4.2 Hollow electrode technology
During the processing, transportation and storage of ash and carbon materials, about 10-15% of powder will be produced. The hollow electrode technology can be used to utilize the powder, which not only reduces the total coke consumption of calcium carbide per unit product, but also saves electrode paste, which is beneficial to the energy saving of electric furnaces. Hollow electrode technology is a very good energy-saving measure. It must be used in newly built enterprises: In the reformed and expanded enterprises, it is advisable to adopt hollow electrode technology, otherwise the recycling and utilization measures of powder must be considered: 4.3 Gas-burned lime density
In calcium carbide enterprises, the amount of furnace gas used by gas-burned lime kilns and the amount of furnace gas produced by calcium carbide production are basically balanced in theory. Furnace gas, as the fuel for gas-burned lime density, not only saves energy but also eliminates furnace gas pollution. In addition, the quality of gas-burned lime is uniform and the reaction is clean, which can reduce the electric furnace electricity. Therefore, when the new Ci and Zheng expansion, enterprises with conditions should adopt gas-burned lime density to produce lime. When using gas-burned lime density, a high thermal efficiency density should be selected. 4.4 Furnace gas purification technology
The dust content of calcium carbide furnace gas is about 80~150g/m3 (Nm\). In order to benefit the furnace gas, the furnace gas must be purified. The process method of furnace gas purification can be dry or wet. The furnace dust after dry purification and the sewage after wet purification contain CN, which must be treated to meet the requirements of environmental protection. 4.5 Use fine materials to reduce the power loss of impurities and side reactions a
4.5.1 Strictly control the quality of limestone raw materials and ensure the lime quality. In addition to meeting the general requirements of calcium carbide limestone, limestone with CaCO, ≥97% and -MgO ≤0.6% should be selected in places where conditions permit. Measures should be taken to clean up the mud and sand entrained in the limestone. The amount of raw lime burned: gas burning density ≤4%, mixed burning width <6%, and the activity of lime should be increased as much as possible. The qualified rate of lime particle size entering the calcium carbide furnace should be ≥85%, and there should be no visible impurities. The product contains 45,2 preferred coke 2#
Metallurgical coke is the main carbon material for producing calcium carbide.

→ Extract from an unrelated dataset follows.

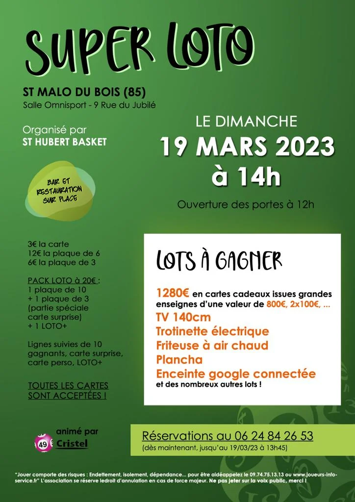 Vous êtes tous invités à venir participer au SUPER LOTO organisé par “ST HUBERT BASKET”, le dimanche 19 mars 2023 à 14h à la salle omnisport de St Malo-du-Bois.

The fixed carbon should be ≥84% and the ash content should be ≤15%. The coke entering the calcium carbide furnace must be dried to make the moisture content ≤1%, and the qualified rate of the coke particle size entering the furnace should be ≥85%. 4.5.3"Improve the structure of carbon materials
Anthracite has high resistance and low price, which can increase the resistance in the furnace and reduce costs. Petroleum coke has high fixed carbon, high resistance and low ash content. Where conditions permit, a certain amount of high-quality anthracite or petroleum coke can be added to the carbon material to make the structure of the carbon material more reasonable, so as to increase the resistance in the furnace and reduce power consumption. 4.5.4 Strengthen the management of electrode paste
Page 5
Qualified electrode paste must be used in calcium carbide production, and closed calcium carbide furnaces must use closed electrode pastes. A total of 6 pages
The electrode paste should be placed in a rainproof and dustproof warehouse. After the electrode paste is added to the electrode tube, there should be a movable cover on the top of the electrode tube to prevent dust from falling in.||tt| |4.6 Recovery of waste heat from calcium carbide production
The waste heat that can be utilized in calcium carbide production includes: waste heat from calcium carbide out of the furnace, waste heat from furnace gas, waste heat from cooling water, etc., which can be utilized according to the actual situation of the enterprise
When considering waste heat recovery in the design, a technical and economic evaluation of waste heat recovery should be made. 4.7 Reasonable process and electrical parameters should be selected in the design of calcium carbide furnaces. To improve thermal utilization and reduce power consumption, reasonable main electrical parameters such as secondary voltage, current, voltage ratio, potential gradient, etc. must be selected in the design. Reasonable main process parameters such as electrode diameter, electrode center circle true diameter and furnace diameter must be selected.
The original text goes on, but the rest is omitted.